Когда я проснулась, было темно. Мне показалось, что я горю огнем. Я стала молиться, чтобы гнездящееся во мне нечто наконец покинуло меня. Впервые это странное состояние нашло на меня, и я решила, что заболела лихорадкой.
А потом я увидела Хоуп, увидела так ясно, словно сидела с ней на нашей просеке у болота. Я ощущала ночные запахи, слышала плеск воды, комариный писк, жужжание насекомых. И, как Хоуп, я услышала шорох в кустах. Как и Хоуп, я испугалась. На меня нахлынула жаркая волна страха. Когда она побежала, я тоже пустилась бежать, воздух с рыданиями вырывался у меня из груди, так что стало больно. Я увидела, как она упала, подмятая тяжестью тела настигшего ее человека. Мелькнула какая-то тень, неясные очертания чьей-то фигуры, хотя Хоуп я видела ясно.
Она звала меня, просила помочь.
А затем я погрузилась в кромешную тьму. Когда я проснулась, уже встало солнце. Я лежала на полу. А Хоуп исчезла.
2
Тори решила затеряться в Чарлстоне, и ей удавалось это почти четыре года. Город казался ей красивой и доброй женщиной, жаждущей прижать ее к своей мягкой груди и успокоить нервы, расшатанные жизнью на беспощадных улицах Нью-Йорка.
В Чарлстоне голоса были тише, интонации ленивее, и она оживала душой в теплой, плавной неторопливости разговоров. Здесь она могла укрыться, как когда-то надеялась спрятаться в гуще суетливой нью-йоркской толпы.

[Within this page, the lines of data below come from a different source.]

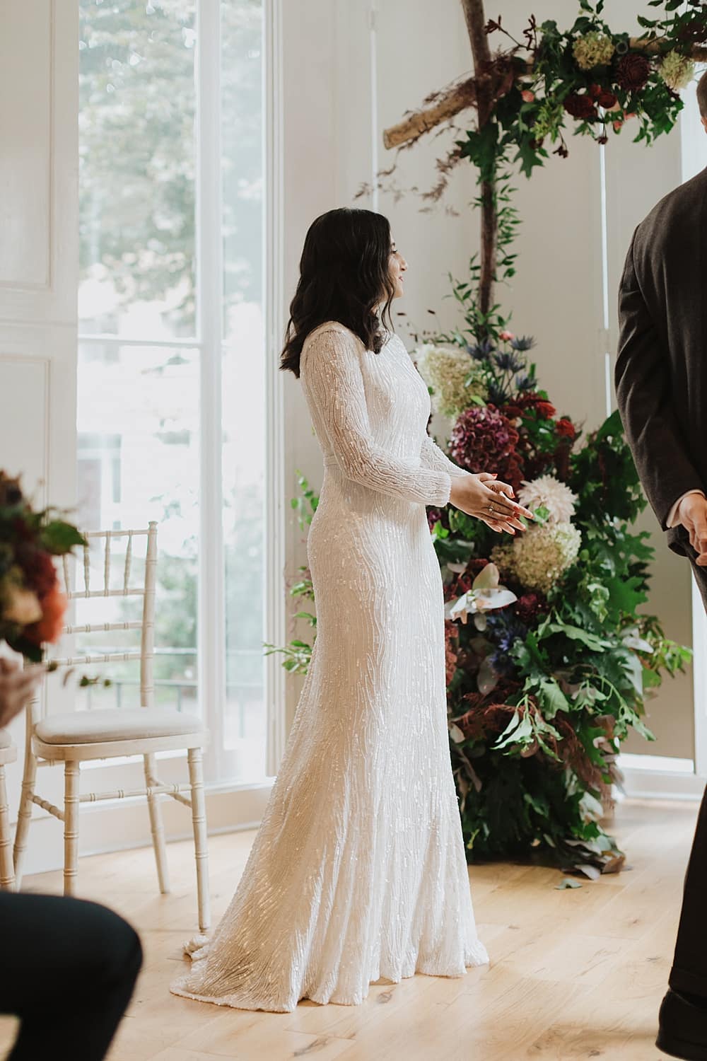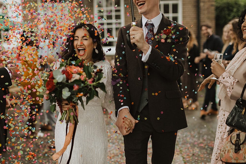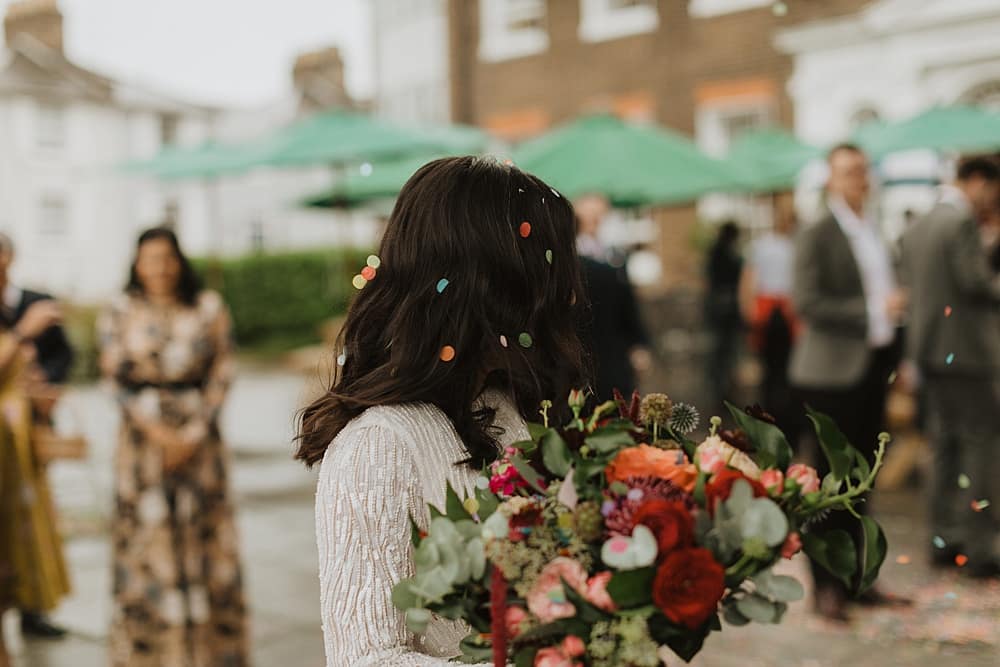 I think this pretty much sums up today’s real wedding feature – Amita & Andy created a beautiful celebration at a local London spot, with winter-inspired colours, a riot of flowers and foliage, and their closest friends and family around them.
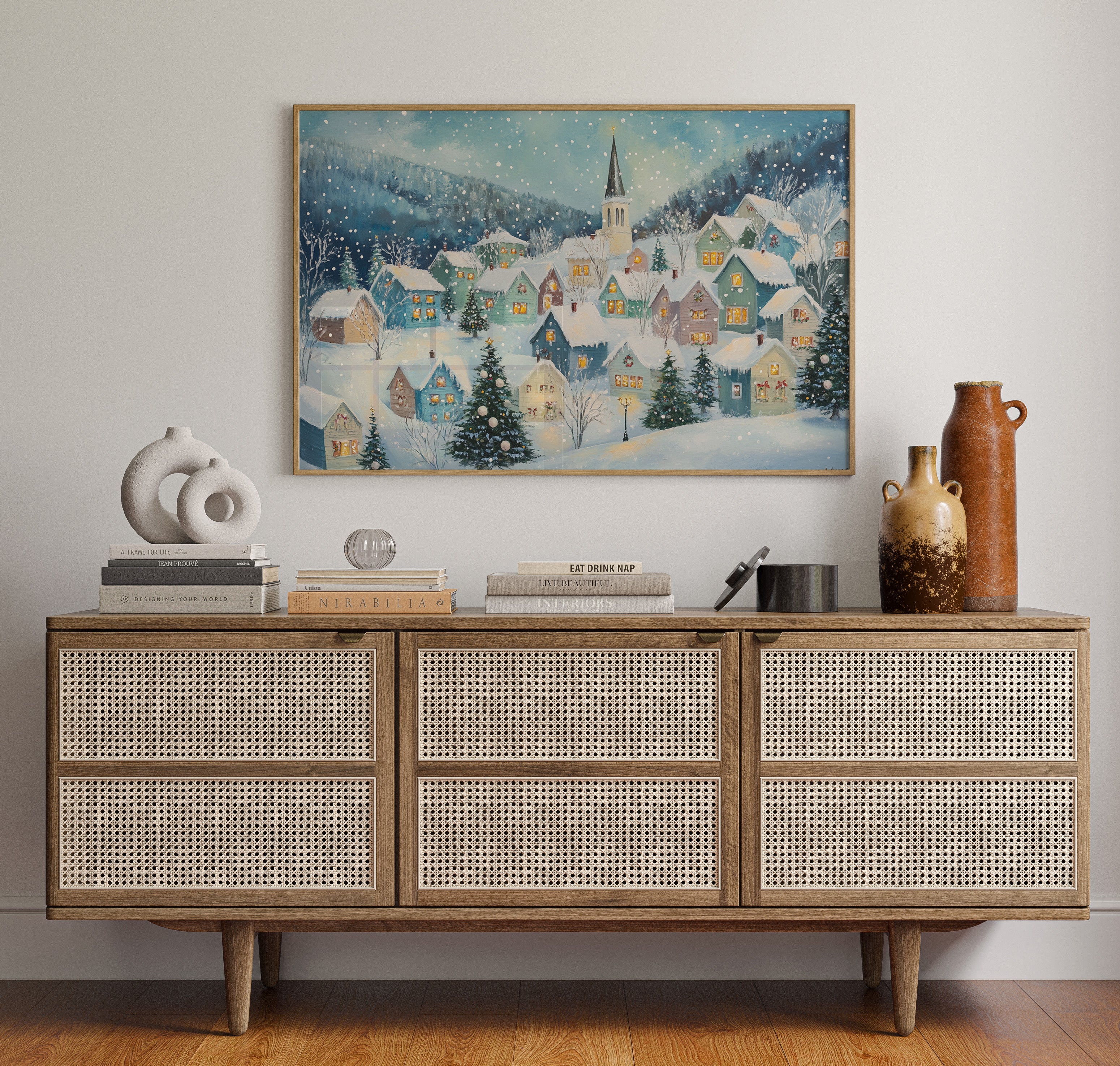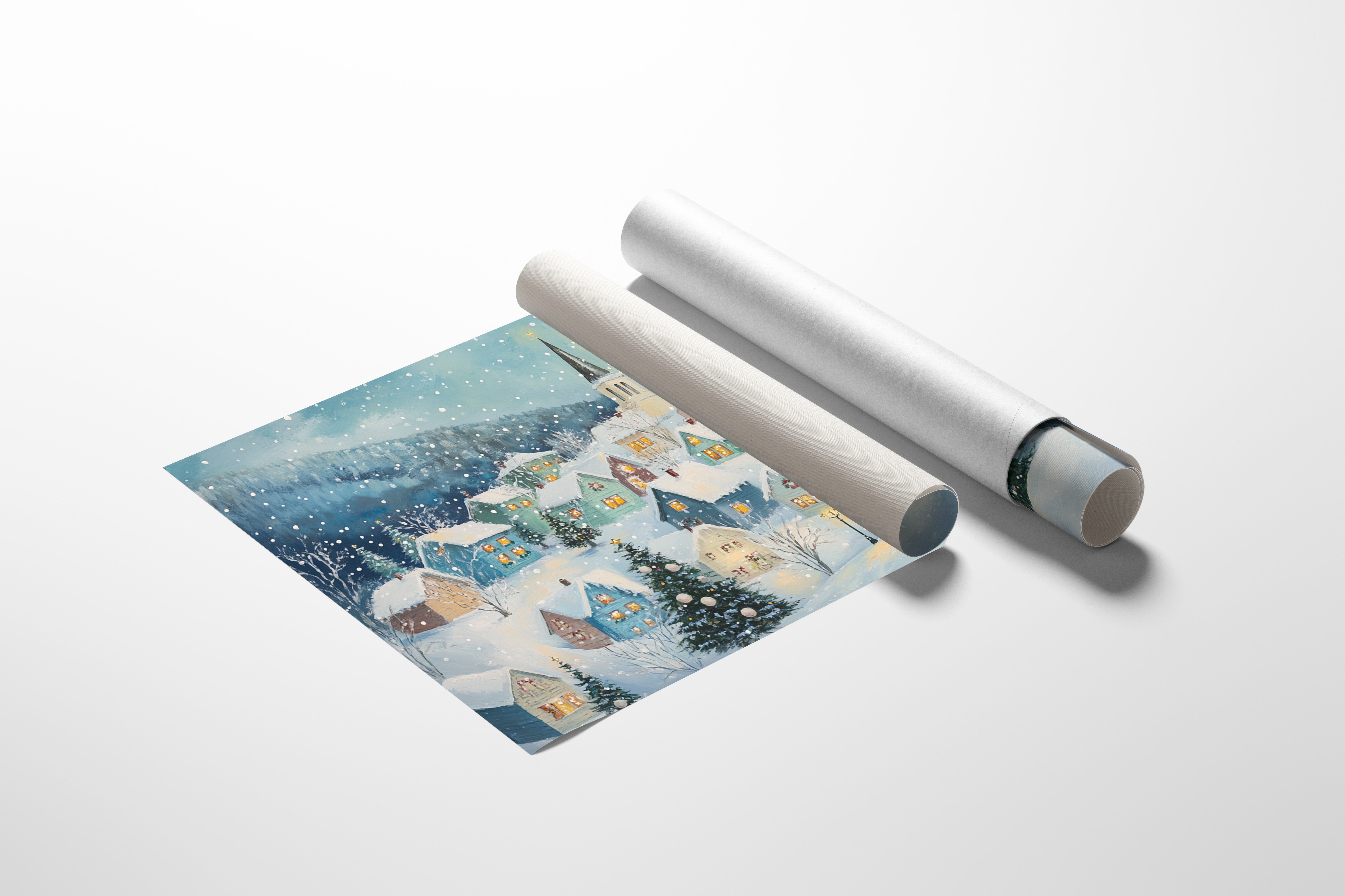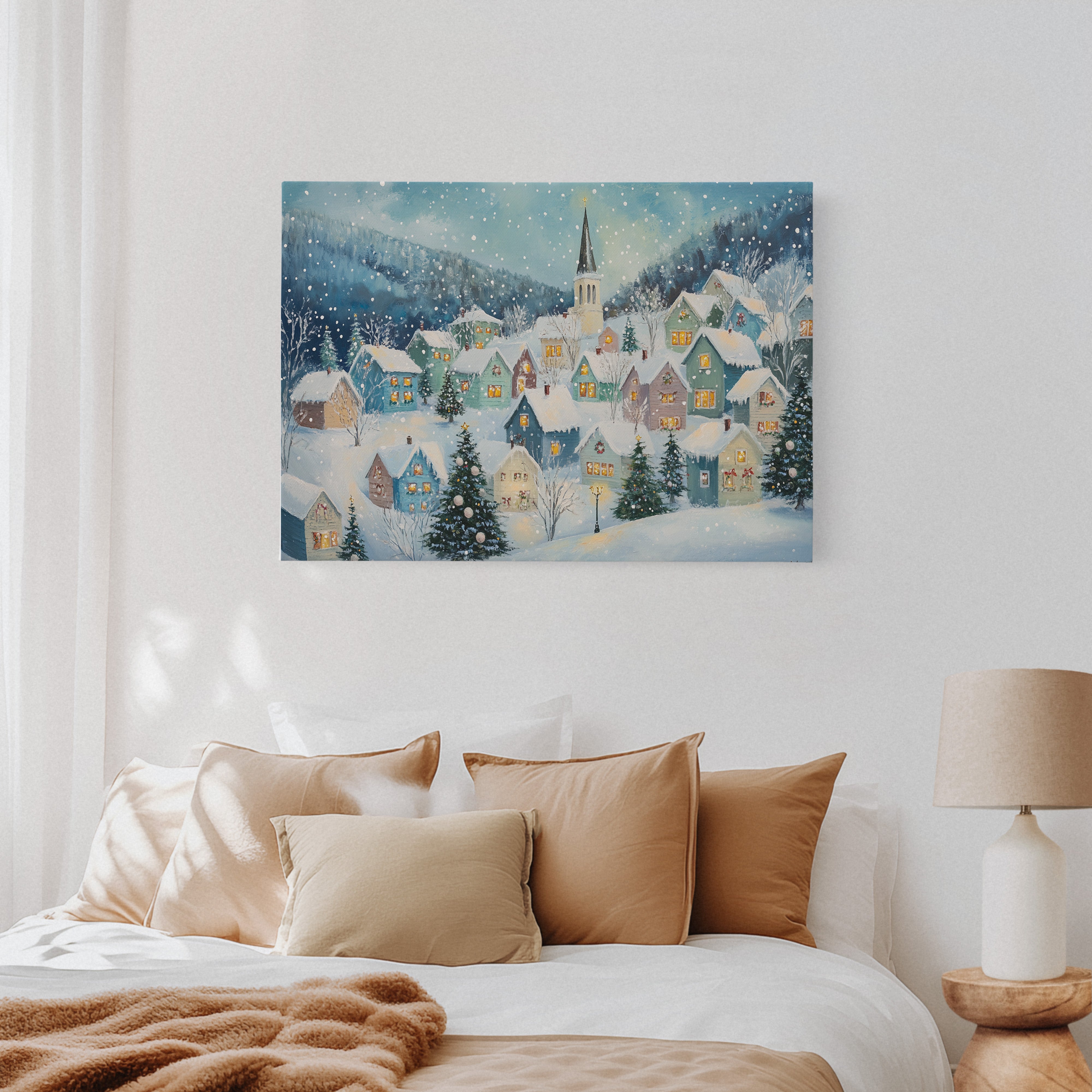 Gentle snowflakes drift through the evening air, dancing past windows that glow like warm honey against the winter twilight. A quaint village nestles into the mountainside, its collection of mint green, powder blue, and cream-colored houses creating a patchwork of comfort against the deepening night. Church spires pierce the starlit sky while evergreens stand sentinel between the homes, their branches heavy with fresh snow. This scene captures the essence of winter's quiet magic, where each illuminated window tells its own story of warmth and belonging. Perfect for creating a cozy atmosphere in living rooms, bedrooms, or any space where you want to invoke the peaceful charm of a snow-blessed evening.
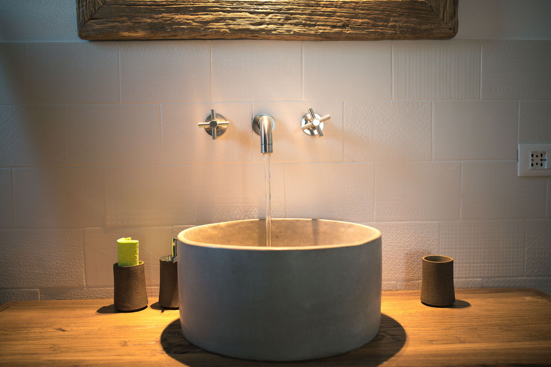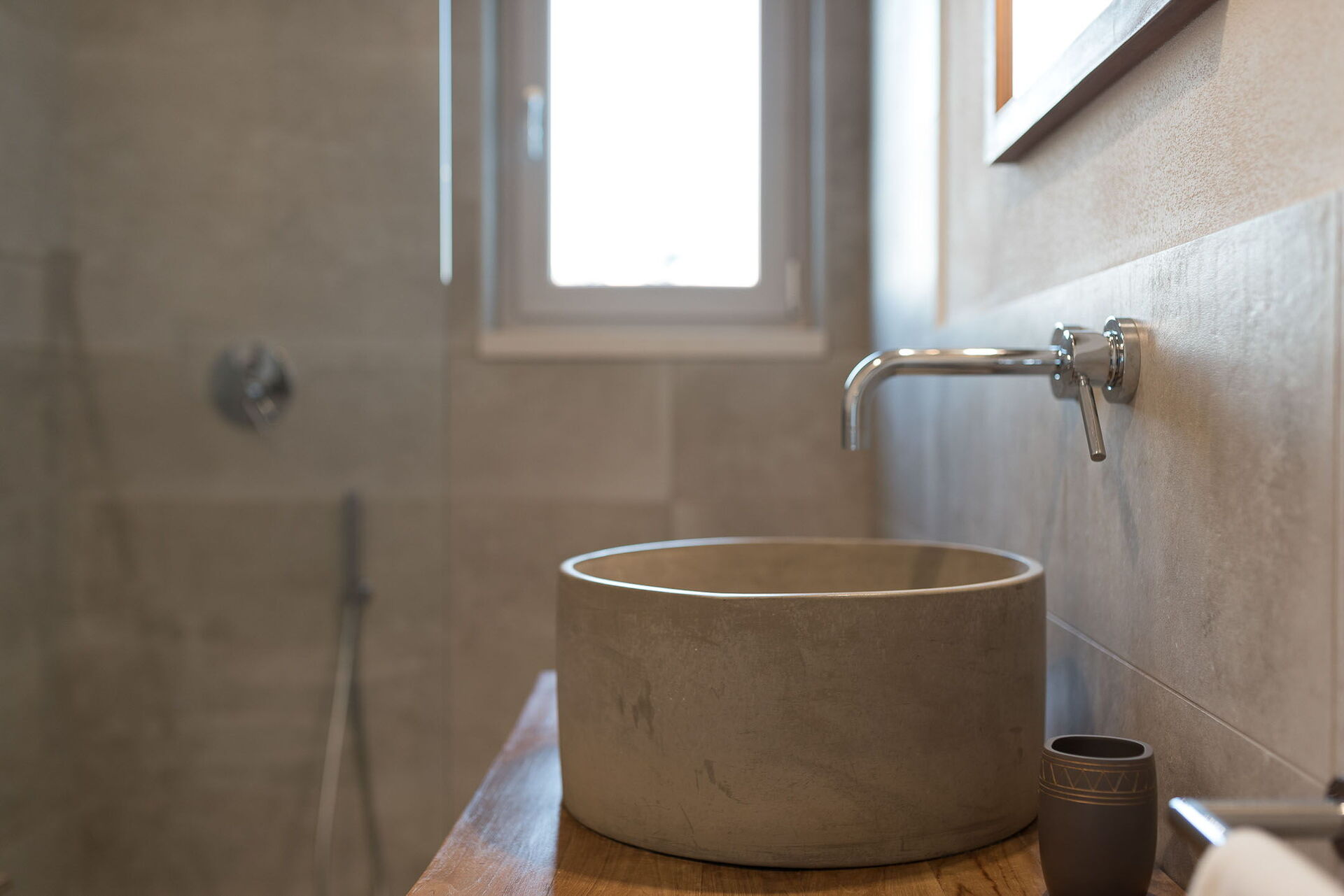 De villa is zeer modern, met overal gepolijste grijze betonnen vloeren.
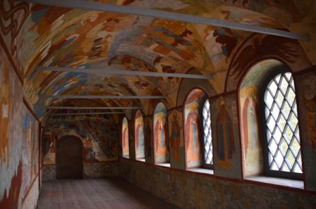 Nous commençons par les églises les plus proches du camping qui sont deux édifices « dans leur jus et non ouverts à la visite ce sont Saints Cosmas et Damien, et juste à côté, l’église d’hiver de la Sainte-Croix. Les particularités hivernales du pays empêchent de chauffer les grandes et hautes églises et celles-ci côtoient souvent des édifices plus petits, et plus faciles à tempérer, qui sont utilisés pendant l’hiver. Nous longeons ensuite la rivière en admirant les épais et hauts murs du monastère de Saint-Euthyme, fondé en 1352 par le Prince de la ville Boris Constantinovitch. Des bâtiments d’origine en bois il ne reste rien et les constructions actuelles datent du 16ème et 17ème siècle.
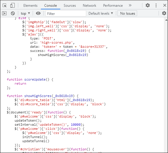 javascript game이라 하니 javascript를 보면 난독화가 되어 있다.
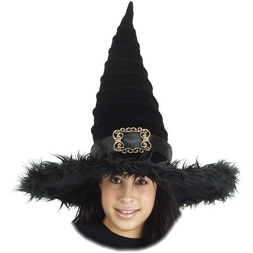 Witch hats don't have to be plain and boring. Upgrade your hat game with this lovely, stylized witch hat. Hat is crafted from a rich black velvet and features ridges all the way from the brim to the tip. Brim is black velvet with a fur trim and wire so you can shape it how you like. Witch hat has a satin hatband with a black plastic scroll belt buckle. Hat has an internal size adjustor and a secret pocket for cash or ID on the inside. A fun twist on a traditional witch hat. One size fits most teens and adults.
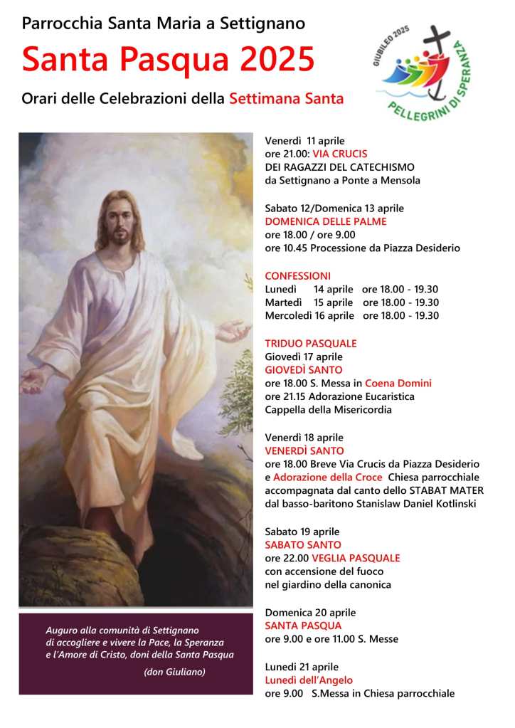 SANTA PASQUA 2025 Programma della Settimana Santa della nostra Parrocchia : Condividi: Fai clic per condividere su X (Si apre in una nuova finestra) X Fai clic per condividere su Facebook (Si apre in una nuova finestra) Facebook Mi piace Caricamento... Correlati Lascia un commento Cancella risposta Δ
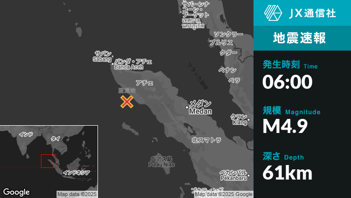 | 震源地 | インドネシアのMeulabohから南西27kmの地点 |
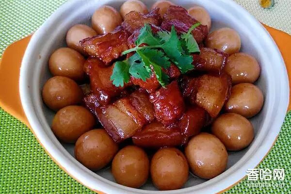 五花肉500克、鹌鹑蛋200克、大料适量、桂皮适量、葱姜蒜适量、老抽一汤匙、生抽一汤匙、冰糖20克、鸡精适量、香油适量、干红辣椒适量、盐适量
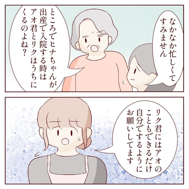 「ところで、ヒナちゃんが出産で入院するときはアオくんとリクはうちにくるのよね?」ヒナさんが出産で入院する間のことが気になったのか、義祖母がそう問いかけてきました。ヒナさんは、「リクくんには、アオのこともできるだけ自分でするようにお願いしてます」と義祖母に頼るつもりはないことを伝えました。
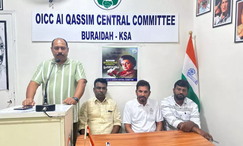 ബുറൈദ: ഒ.ഐ.സി.സി അൽഖസീം സെൻട്രൽ കമ്മിറ്റി ഇന്ദിരാഗാന്ധി രക്തസാക്ഷി ദിനം ആചരിച്ചു. പ്രിയദർശിനി മെമ്മോറിയൽ ഹാളിൽ നടന്ന അനുസ്മരണ യോഗത്തിൽ പ്രസിഡൻറ് അബദുറഹ്മാൻ തിരുർ അധ്യക്ഷത വഹിച്ചു. ജനറൽ സെക്രട്ടറി പ്രമോദ് കുര്യൻ കോട്ടയം അനുസ്മരണ പ്രഭാഷണം നടത്തി.
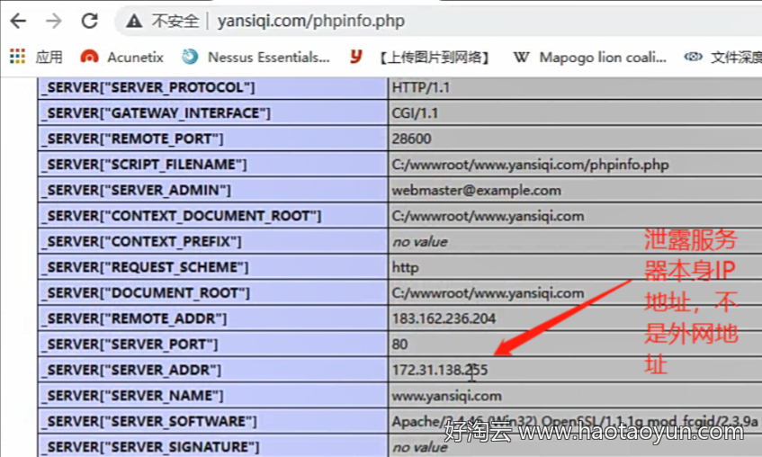 如果目标网站存在遗留的 phpinfo.php 文件,可以在 SERVER['SERVER_ADDR'] 字段直接看到服务器的真实 IP。
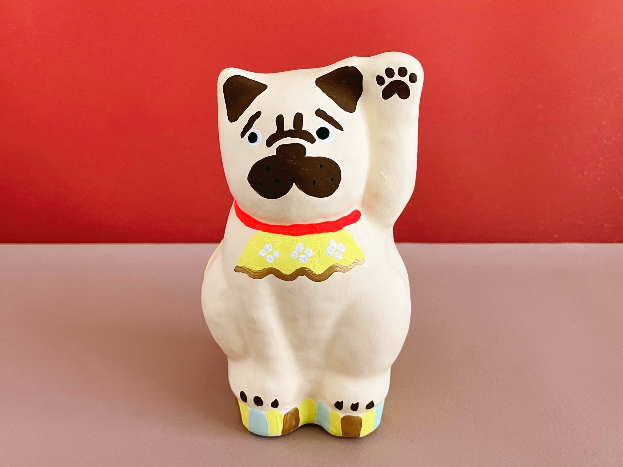 招きパグ「ネオンイエロー招福」【すぐ発送or予約生産】

С деньгами проблем не было. Она умела жить очень экономно, берегла свои сбережения, как ястреб, и когда они стали возрастать, позволила себе помечтать о собственном деле: тогда она станет работать на самое себя и будет жить спокойной, упорядоченной жизнью, которая пока ей никак не давалась.
Она была одинока. Настоящая дружба требует истинной близости. Она и не хотела, и не чувствовала себя достаточно сильной, чтобы снова открыть душу для дружеских чувств. Люди всегда задают вопросы. Им хочется многое о тебе знать, во всяком случае, они делают вид, что хочется.
А у Тори не было ответов на вопросы, ей нечего было им рассказать.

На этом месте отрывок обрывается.